> **Goal of the exercise**
Each entry should be duplicated verbatim; its pictures should not be.

> **Source data**
★ ★ ★ ★ ★

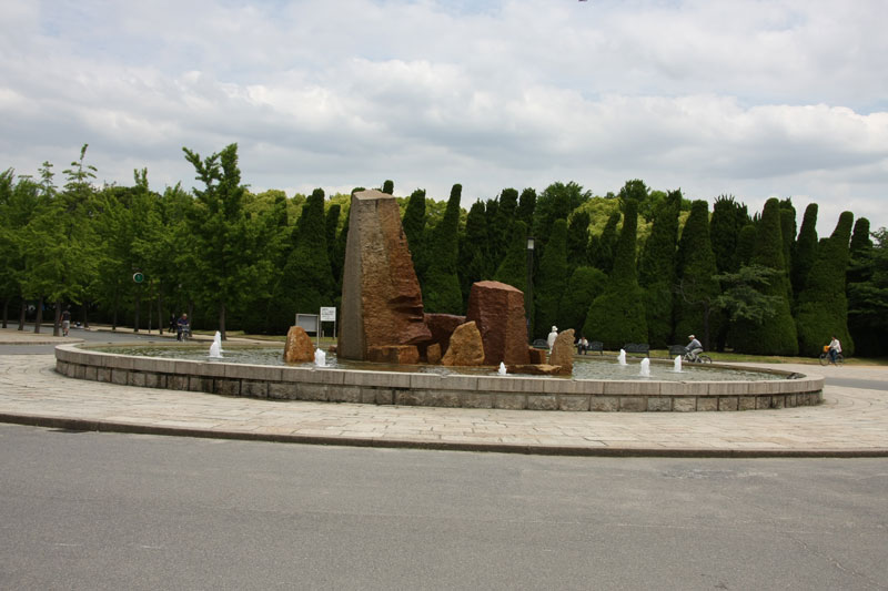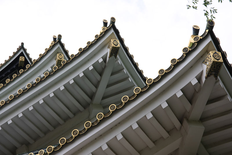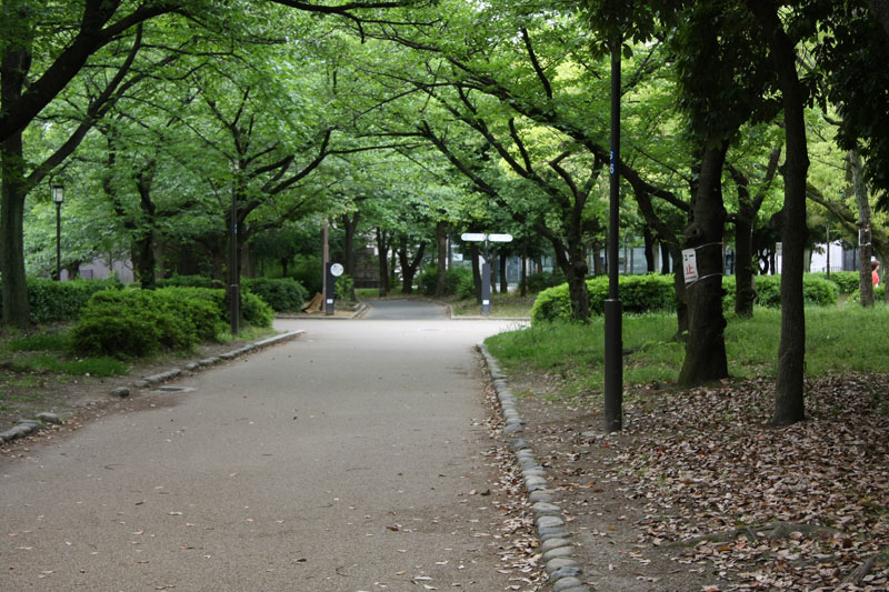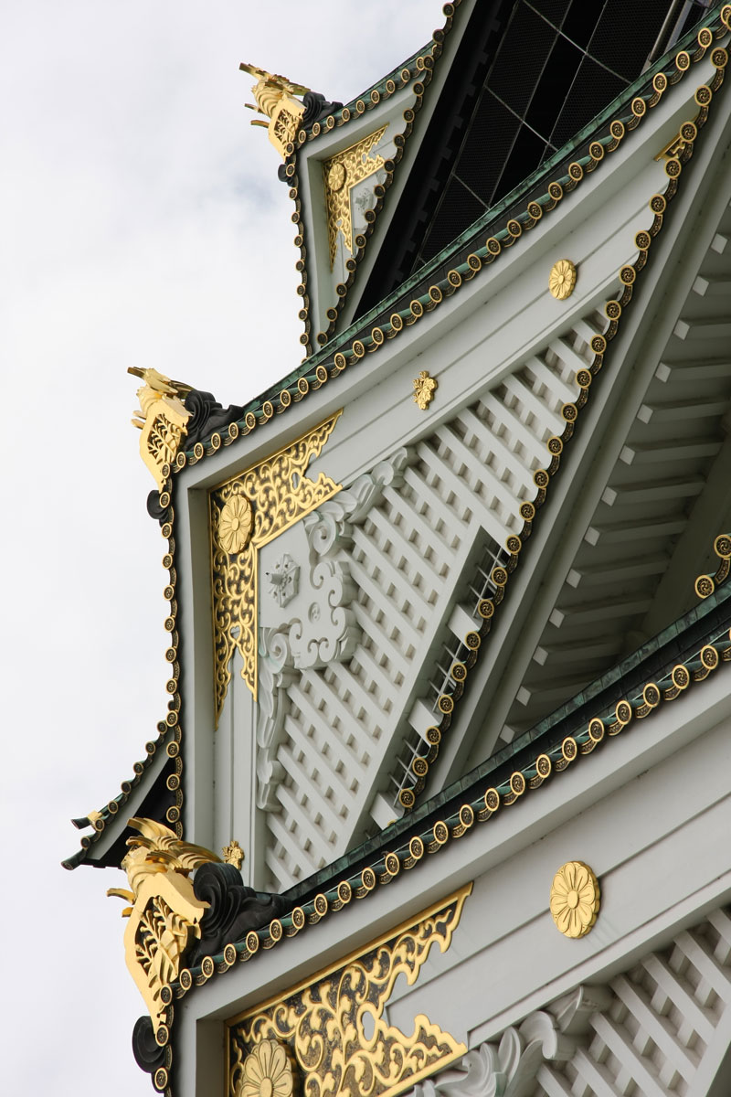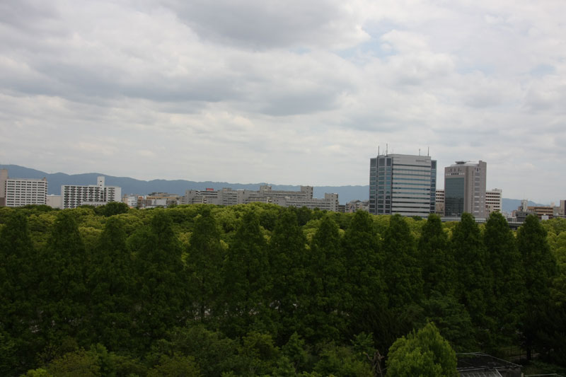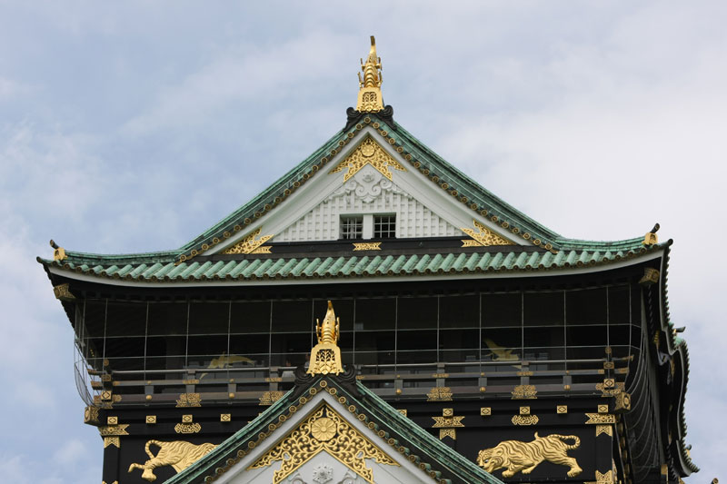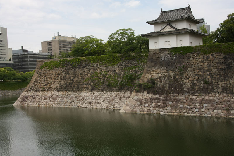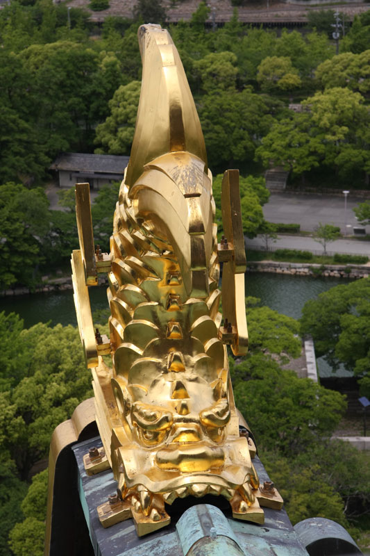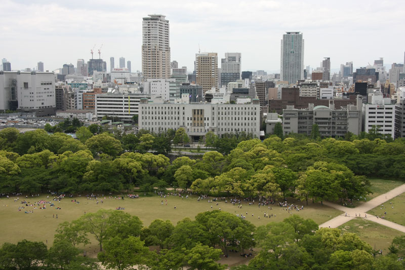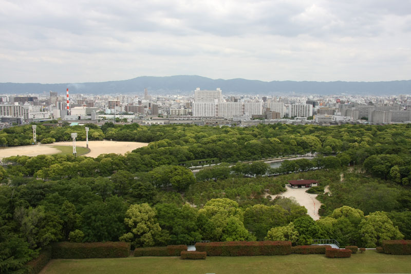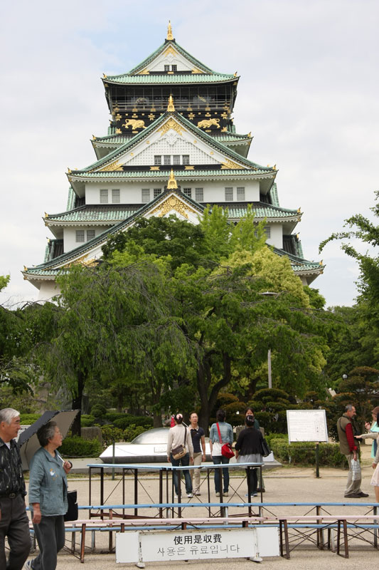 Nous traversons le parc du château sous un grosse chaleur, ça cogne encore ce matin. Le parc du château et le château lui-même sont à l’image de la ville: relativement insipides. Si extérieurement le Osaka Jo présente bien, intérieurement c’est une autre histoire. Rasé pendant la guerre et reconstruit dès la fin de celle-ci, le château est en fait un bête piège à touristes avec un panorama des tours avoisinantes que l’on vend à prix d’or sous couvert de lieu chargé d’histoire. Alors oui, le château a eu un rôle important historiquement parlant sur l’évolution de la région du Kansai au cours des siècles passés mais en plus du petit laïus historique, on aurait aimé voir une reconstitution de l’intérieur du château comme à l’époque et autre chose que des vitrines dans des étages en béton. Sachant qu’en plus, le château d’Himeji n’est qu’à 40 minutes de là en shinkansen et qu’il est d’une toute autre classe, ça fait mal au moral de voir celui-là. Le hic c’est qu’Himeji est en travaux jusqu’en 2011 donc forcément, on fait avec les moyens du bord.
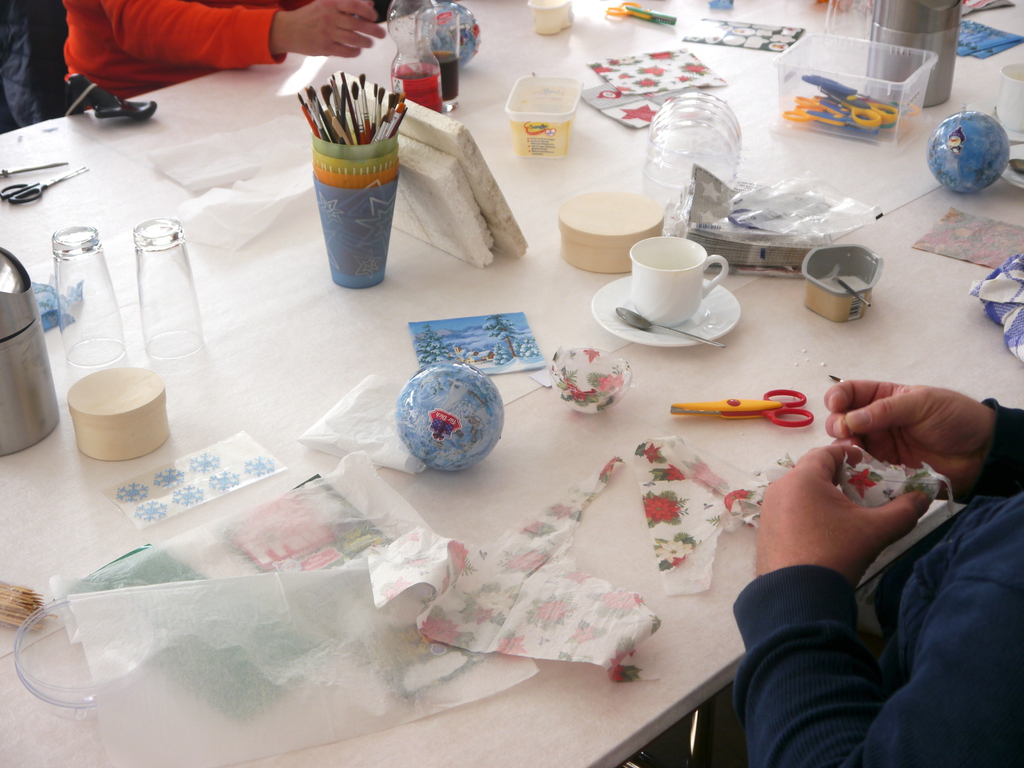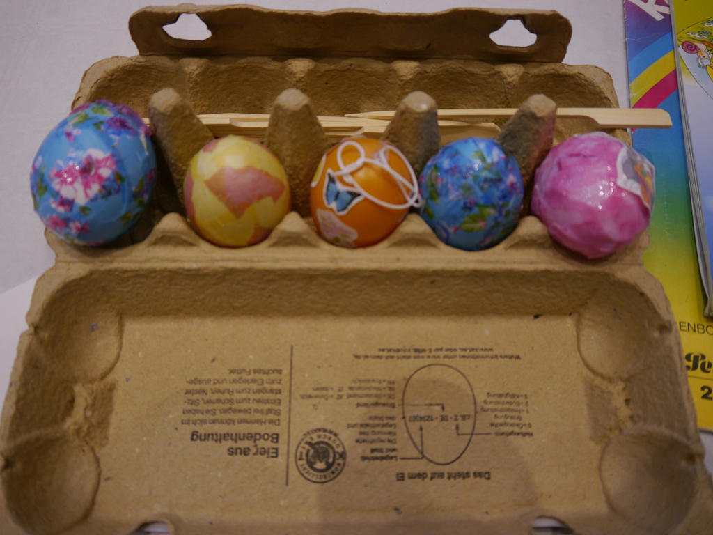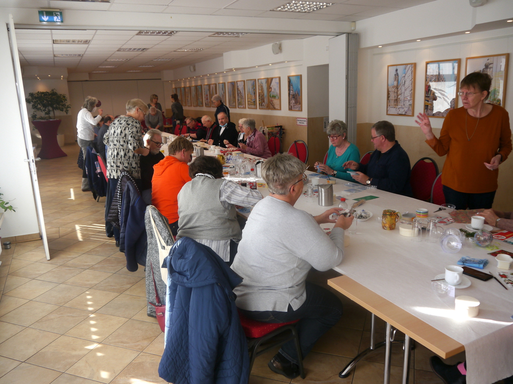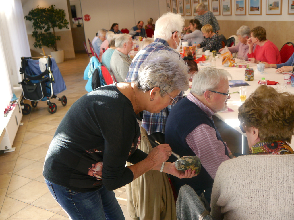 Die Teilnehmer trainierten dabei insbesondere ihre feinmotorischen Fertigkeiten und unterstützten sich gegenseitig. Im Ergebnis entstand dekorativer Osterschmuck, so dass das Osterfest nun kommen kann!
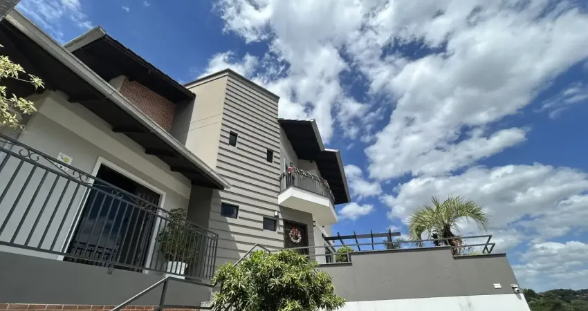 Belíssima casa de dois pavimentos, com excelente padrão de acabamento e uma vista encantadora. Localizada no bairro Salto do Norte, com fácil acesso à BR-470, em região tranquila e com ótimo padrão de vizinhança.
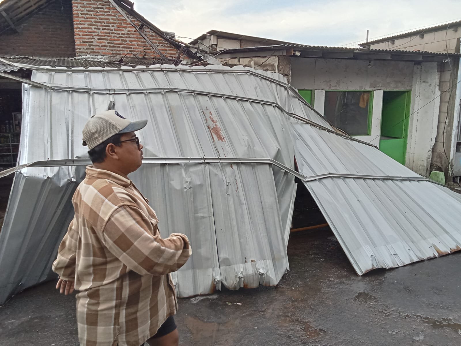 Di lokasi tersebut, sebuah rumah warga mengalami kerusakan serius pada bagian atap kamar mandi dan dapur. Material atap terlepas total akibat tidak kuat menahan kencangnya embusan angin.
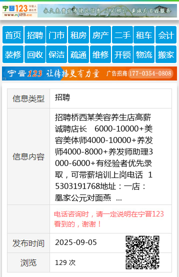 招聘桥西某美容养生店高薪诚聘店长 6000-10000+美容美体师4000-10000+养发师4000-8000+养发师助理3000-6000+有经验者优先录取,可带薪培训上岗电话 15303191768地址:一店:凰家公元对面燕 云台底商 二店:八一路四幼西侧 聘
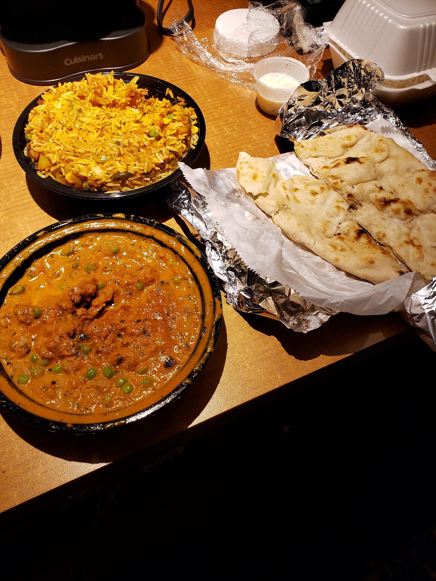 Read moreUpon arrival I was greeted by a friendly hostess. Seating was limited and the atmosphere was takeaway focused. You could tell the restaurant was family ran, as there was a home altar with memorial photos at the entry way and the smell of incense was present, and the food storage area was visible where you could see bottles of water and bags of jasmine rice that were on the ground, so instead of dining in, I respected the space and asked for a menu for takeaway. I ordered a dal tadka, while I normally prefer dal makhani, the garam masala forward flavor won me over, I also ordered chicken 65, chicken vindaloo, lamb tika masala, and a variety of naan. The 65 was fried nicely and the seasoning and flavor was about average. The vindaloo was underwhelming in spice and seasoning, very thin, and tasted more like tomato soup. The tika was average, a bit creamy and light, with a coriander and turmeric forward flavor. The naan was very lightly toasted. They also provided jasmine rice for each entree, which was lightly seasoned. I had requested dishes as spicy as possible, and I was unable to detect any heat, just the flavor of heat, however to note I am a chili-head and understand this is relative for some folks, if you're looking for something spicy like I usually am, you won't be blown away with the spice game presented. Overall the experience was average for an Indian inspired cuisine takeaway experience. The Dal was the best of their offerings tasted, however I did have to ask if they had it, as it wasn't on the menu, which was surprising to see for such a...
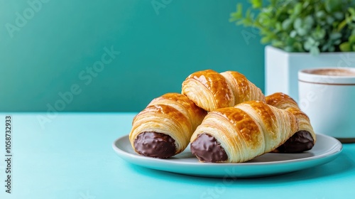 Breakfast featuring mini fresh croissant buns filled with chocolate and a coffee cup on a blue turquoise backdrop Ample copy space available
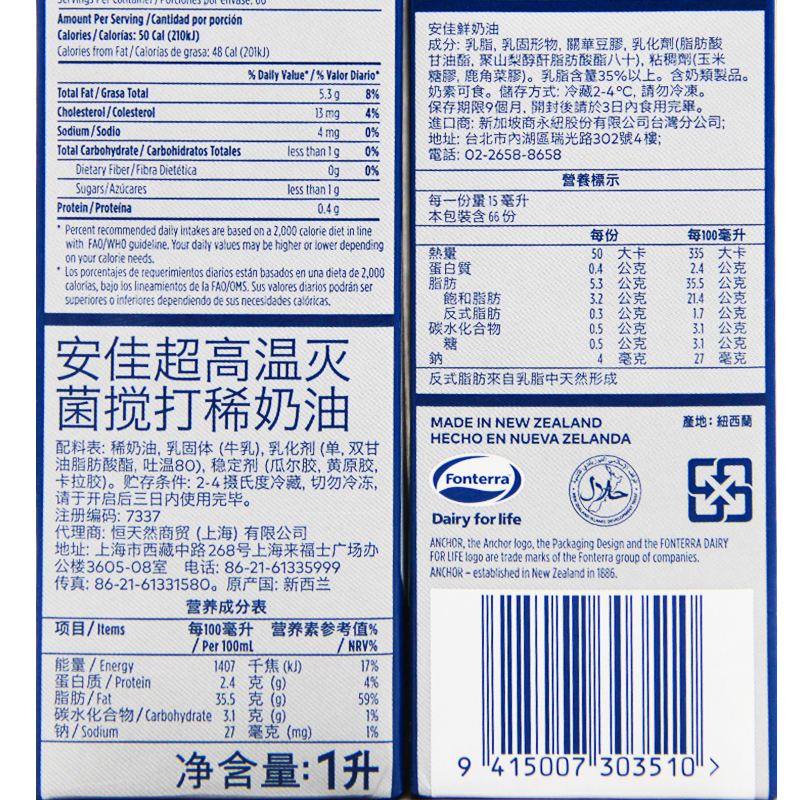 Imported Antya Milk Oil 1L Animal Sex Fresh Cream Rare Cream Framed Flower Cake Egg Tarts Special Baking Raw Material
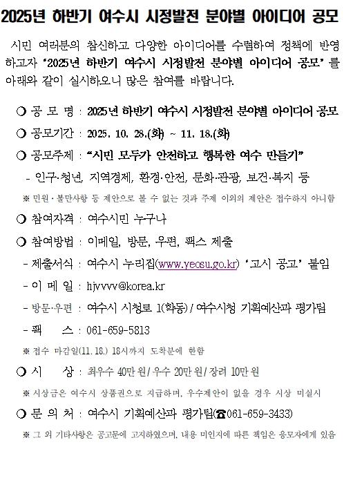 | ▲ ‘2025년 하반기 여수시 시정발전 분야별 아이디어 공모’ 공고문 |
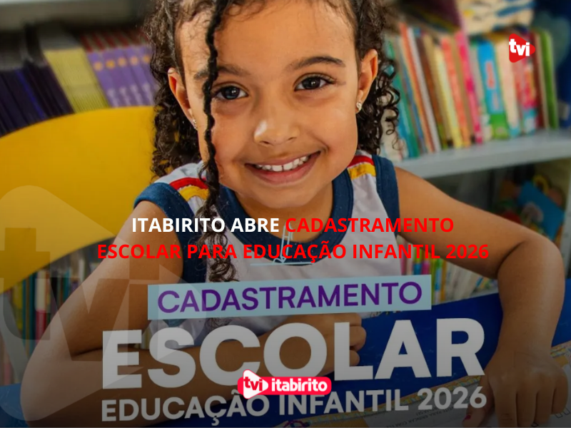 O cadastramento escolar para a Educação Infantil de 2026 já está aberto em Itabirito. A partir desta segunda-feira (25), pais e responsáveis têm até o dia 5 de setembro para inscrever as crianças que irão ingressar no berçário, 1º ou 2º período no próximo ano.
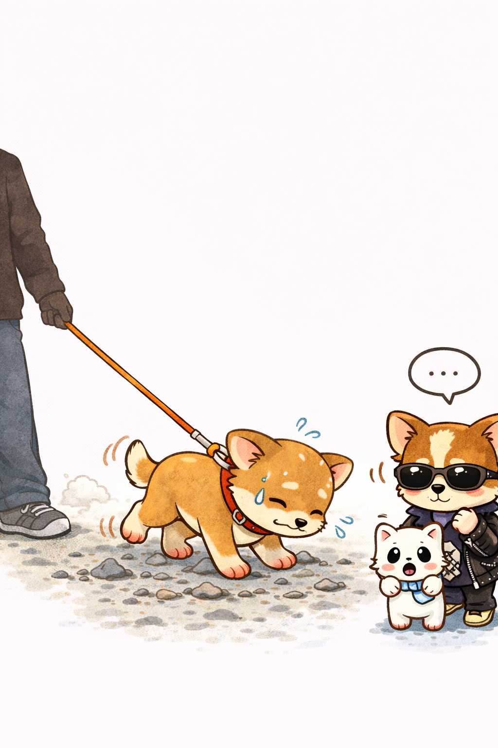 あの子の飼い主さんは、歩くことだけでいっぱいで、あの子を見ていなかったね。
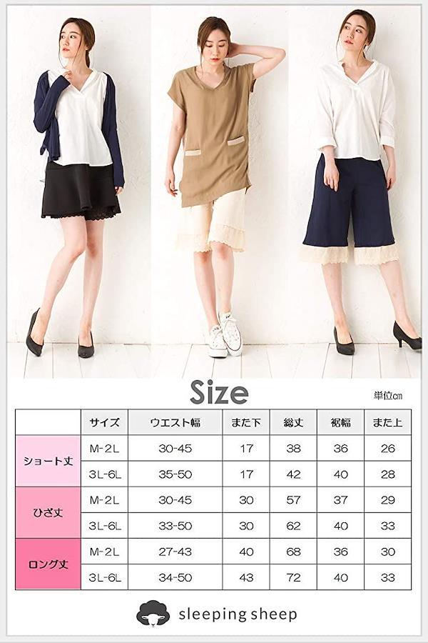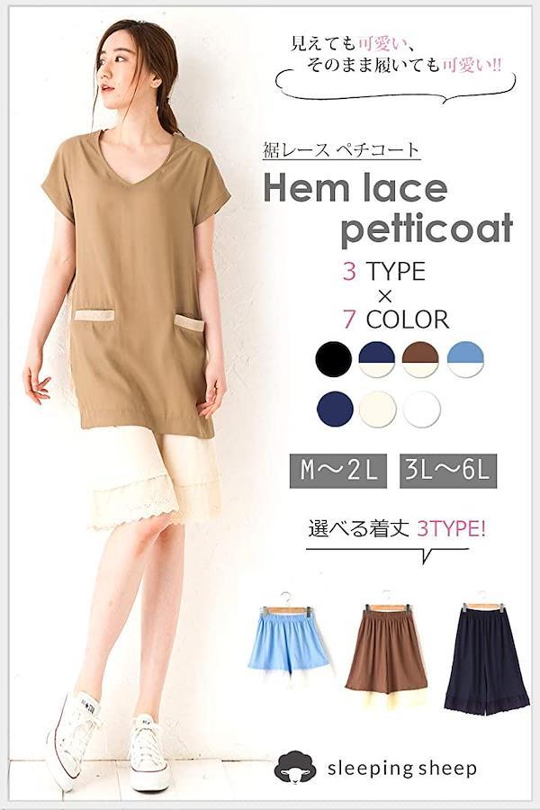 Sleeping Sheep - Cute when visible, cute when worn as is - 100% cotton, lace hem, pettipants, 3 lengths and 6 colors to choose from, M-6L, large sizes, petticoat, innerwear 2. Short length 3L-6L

★ ★ ★ ★ ★

> **Response area**
 Nous traversons le parc du château sous un grosse chaleur, ça cogne encore ce matin. Le parc du château et le château lui-même sont à l’image de la ville: relativement insipides. Si extérieurement le Osaka Jo présente bien, intérieurement c’est une autre histoire. Rasé pendant la guerre et reconstruit dès la fin de celle-ci, le château est en fait un bête piège à touristes avec un panorama des tours avoisinantes que l’on vend à prix d’or sous couvert de lieu chargé d’histoire. Alors oui, le château a eu un rôle important historiquement parlant sur l’évolution de la région du Kansai au cours des siècles passés mais en plus du petit laïus historique, on aurait aimé voir une reconstitution de l’intérieur du château comme à l’époque et autre chose que des vitrines dans des étages en béton. Sachant qu’en plus, le château d’Himeji n’est qu’à 40 minutes de là en shinkansen et qu’il est d’une toute autre classe, ça fait mal au moral de voir celui-là. Le hic c’est qu’Himeji est en travaux jusqu’en 2011 donc forcément, on fait avec les moyens du bord.
 Die Teilnehmer trainierten dabei insbesondere ihre feinmotorischen Fertigkeiten und unterstützten sich gegenseitig. Im Ergebnis entstand dekorativer Osterschmuck, so dass das Osterfest nun kommen kann!
 Belíssima casa de dois pavimentos, com excelente padrão de acabamento e uma vista encantadora. Localizada no bairro Salto do Norte, com fácil acesso à BR-470, em região tranquila e com ótimo padrão de vizinhança.
 Di lokasi tersebut, sebuah rumah warga mengalami kerusakan serius pada bagian atap kamar mandi dan dapur. Material atap terlepas total akibat tidak kuat menahan kencangnya embusan angin.
 招聘桥西某美容养生店高薪诚聘店长 6000-10000+美容美体师4000-10000+养发师4000-8000+养发师助理3000-6000+有经验者优先录取,可带薪培训上岗电话 15303191768地址:一店:凰家公元对面燕 云台底商 二店:八一路四幼西侧 聘
 Read moreUpon arrival I was greeted by a friendly hostess. Seating was limited and the atmosphere was takeaway focused. You could tell the restaurant was family ran, as there was a home altar with memorial photos at the entry way and the smell of incense was present, and the food storage area was visible where you could see bottles of water and bags of jasmine rice that were on the ground, so instead of dining in, I respected the space and asked for a menu for takeaway. I ordered a dal tadka, while I normally prefer dal makhani, the garam masala forward flavor won me over, I also ordered chicken 65, chicken vindaloo, lamb tika masala, and a variety of naan. The 65 was fried nicely and the seasoning and flavor was about average. The vindaloo was underwhelming in spice and seasoning, very thin, and tasted more like tomato soup. The tika was average, a bit creamy and light, with a coriander and turmeric forward flavor. The naan was very lightly toasted. They also provided jasmine rice for each entree, which was lightly seasoned. I had requested dishes as spicy as possible, and I was unable to detect any heat, just the flavor of heat, however to note I am a chili-head and understand this is relative for some folks, if you're looking for something spicy like I usually am, you won't be blown away with the spice game presented. Overall the experience was average for an Indian inspired cuisine takeaway experience. The Dal was the best of their offerings tasted, however I did have to ask if they had it, as it wasn't on the menu, which was surprising to see for such a...
 Breakfast featuring mini fresh croissant buns filled with chocolate and a coffee cup on a blue turquoise backdrop Ample copy space available
 Imported Antya Milk Oil 1L Animal Sex Fresh Cream Rare Cream Framed Flower Cake Egg Tarts Special Baking Raw Material
 | ▲ ‘2025년 하반기 여수시 시정발전 분야별 아이디어 공모’ 공고문 |
 O cadastramento escolar para a Educação Infantil de 2026 já está aberto em Itabirito. A partir desta segunda-feira (25), pais e responsáveis têm até o dia 5 de setembro para inscrever as crianças que irão ingressar no berçário, 1º ou 2º período no próximo ano.
 あの子の飼い主さんは、歩くことだけでいっぱいで、あの子を見ていなかったね。
 Sleeping Sheep - Cute when visible, cute when worn as is - 100% cotton, lace hem, pettipants, 3 lengths and 6 colors to choose from, M-6L, large sizes, petticoat, innerwear 2. Short length 3L-6L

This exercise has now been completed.